EXERCISE AIM: Set down all of the data that follows word for word, without the images.

SOURCE DATA:
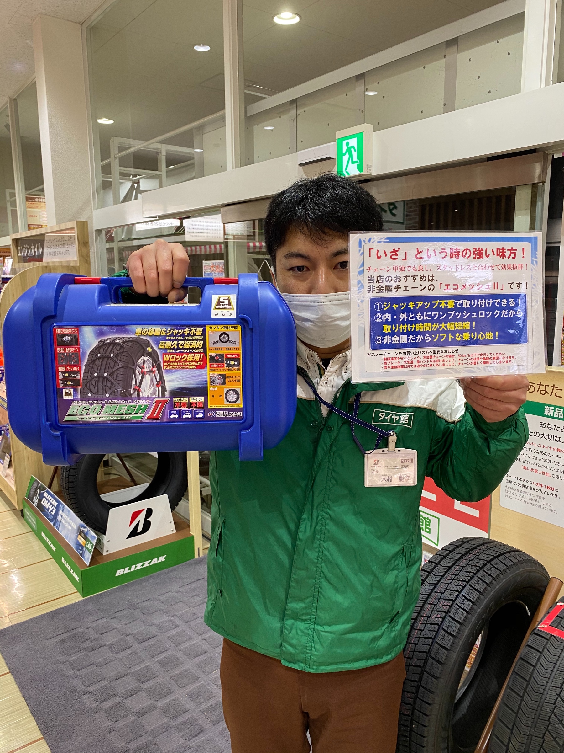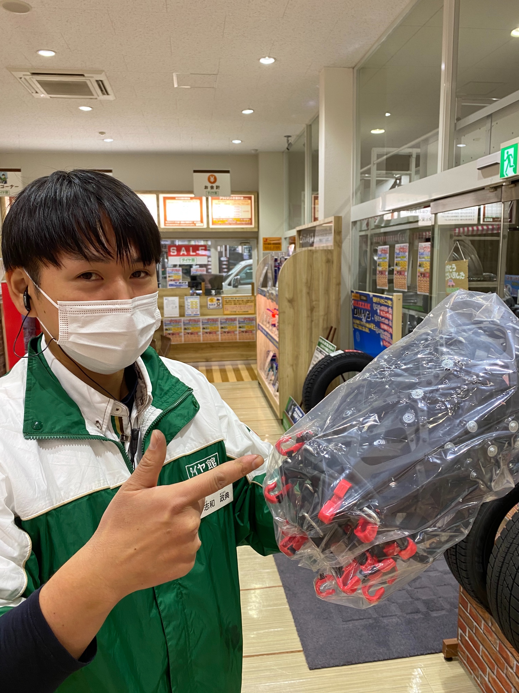 冬タイヤは持ってないけどいざ車を使うといった時チェーンが欲しいなという方の為に当店ではチェーンも取り扱ってます!
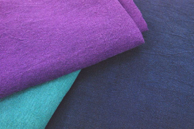 手作業染色・特殊乾燥で仕上げたキャンバス生地です。前処理、染色、仕上げのすべての工程で生地を洗いこむような加工をすることで、天然素材の持つ豊かな表情を引き出しました。
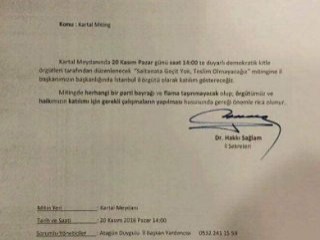 CHP ilçe başkanlıklarına gönderilen yazıda, "Mitingde herhangi bir parti bayrağı ve flama taşınmayacak olup; örgütümüz ve halkımızın katılımı için gerekli çalışmaların yapılması huhusunda gereği önemle rica olunur." ifadelerine yer verildi.
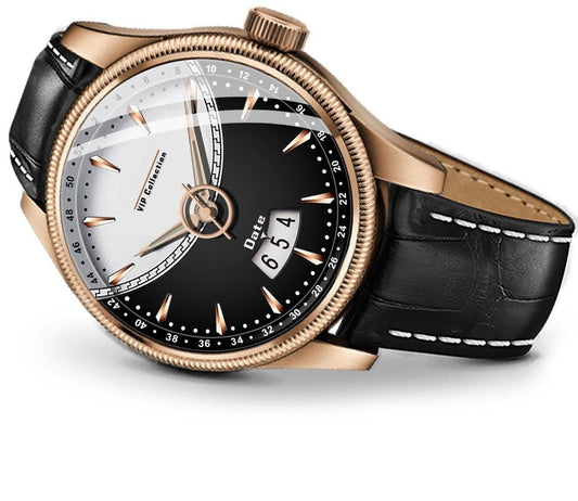 3D Glass Date Display Dial Leather Strap Analog Watch

EXPECTED ANSWER:
 冬タイヤは持ってないけどいざ車を使うといった時チェーンが欲しいなという方の為に当店ではチェーンも取り扱ってます!
 手作業染色・特殊乾燥で仕上げたキャンバス生地です。前処理、染色、仕上げのすべての工程で生地を洗いこむような加工をすることで、天然素材の持つ豊かな表情を引き出しました。
 CHP ilçe başkanlıklarına gönderilen yazıda, "Mitingde herhangi bir parti bayrağı ve flama taşınmayacak olup; örgütümüz ve halkımızın katılımı için gerekli çalışmaların yapılması huhusunda gereği önemle rica olunur." ifadelerine yer verildi.
 3D Glass Date Display Dial Leather Strap Analog Watch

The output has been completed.